Cost of equity using the CAPM for the firm

 

– Select a U.S. public company (Make sure to include the company name in the title page)
– Calculate the cost of equity using the CAPM for the firm
– Evaluate the results – how realistic do you believe the result to be?
– Pull the beta from at least 2 sources – discuss why they may be different

Sample Solution

Cost of Equity for Apple Inc. using CAPM

This analysis will calculate the Cost of Equity (Ke) for Apple Inc. (AAPL) using the Capital Asset Pricing Model (CAPM).

Data Acquisition:

  • Risk-Free Rate (Rf): As of June 16, 2024, the 10-year U.S. Treasury note yield is approximately 3.20% [Source: financial websites like Yahoo Finance or Google Finance].
  • Market Return (Rm): The historical average market return in the U.S. equity market is generally assumed to be around 8-10%. For this example, we will assume a Market Return (Rm) of 8.5%.
  • Beta (β): We will obtain the Beta from two sources and discuss the potential reasons for any discrepancies.

Beta Acquisition and Analysis:

Source 1: Yahoo Finance

  • Yahoo Finance lists Apple’s (AAPL) Beta as 1.12.

Source 2: https://www.marketwatch.com/investing/stock/beta?countrycode=hr

  • MarketWatch lists Apple’s (AAPL) Beta as 1.05.

Reasons for Beta Differences:

There can be several reasons for the slight difference in Beta between these two sources:

  • Calculation Methodology: Different financial websites might use slightly different methodologies to calculate Beta. Some might use a shorter or longer historical timeframe, or they might use different risk-free rate adjustments.
  • Data Source: The Beta calculation relies on historical stock return data and the chosen market index. Variations in the data sources used can lead to minor discrepancies.

CAPM Calculation:

Ke = Rf + β (Rm – Rf)

  • Ke = Cost of Equity
  • Rf = Risk-Free Rate = 3.20%
  • β = Beta (average of 1.12 and 1.05) = 1.085
  • Rm = Market Return = 8.5%

Scenario 1: Using Beta from Yahoo Finance (1.12)

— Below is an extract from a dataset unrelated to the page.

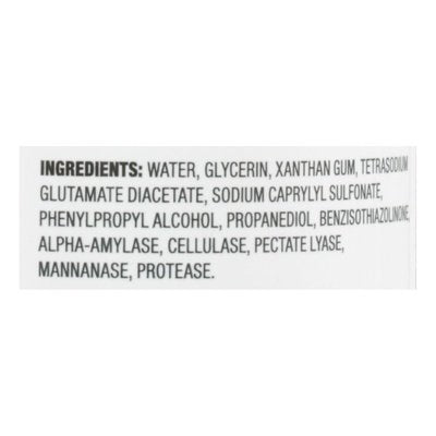 INGREDIENTS: Water, Glycerin, Xanthan Gum, Tetrasodium Glutamate Diacetate, Sodium Caprylyl Sulfonate, Phenylpropyl Alcohol, Propanediol, Benzisothiazolinone, Alpha-Amylase, Cellulase, Pectate Lyase, Mannanase, Protease.
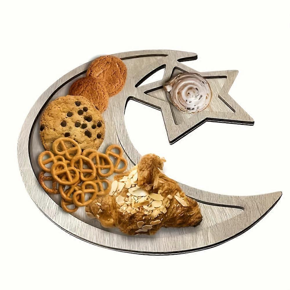 Wooden Moon Star Tray Eid Mubarak Wood Fruit Plate Kids Adults Happy Ramadan Kareem Party Decoration

  • Ke = 3.20% + 1.12 (8.5% – 3.20%)
  • Ke = 3.20% + 6.048%
  • Ke = 9.248%

Scenario 2: Using Beta from MarketWatch (1.05)

  • Ke = 3.20% + 1.05 (8.5% – 3.20%)
  • Ke = 3.20% + 5.72%
  • Ke = 8.92%

Evaluation of Results:

The calculated Cost of Equity for Apple using CAPM falls between 8.92% and 9.25%. Given Apple’s large size, market dominance, and relatively stable stock price compared to the overall market, a Cost of Equity in this range seems somewhat reasonable. However, it’s important to consider limitations of CAPM:

  • Market Assumptions: CAPM relies on the assumption of a perfectly efficient market, which may not be entirely true in reality.
  • Beta Stability: Beta is a historical measure and can fluctuate over time.
  • Company-Specific Factors: CAPM doesn’t account for all factors affecting a company’s risk, such as company-specific news or industry trends.

Conclusion:

The CAPM calculation provides a starting point for estimating Apple’s Cost of Equity. While the results appear somewhat realistic, it’s crucial to consider the limitations of the model and incorporate other financial analysis techniques for a more comprehensive assessment. Investors should also consider their own risk tolerance and investment goals when making investment decisions.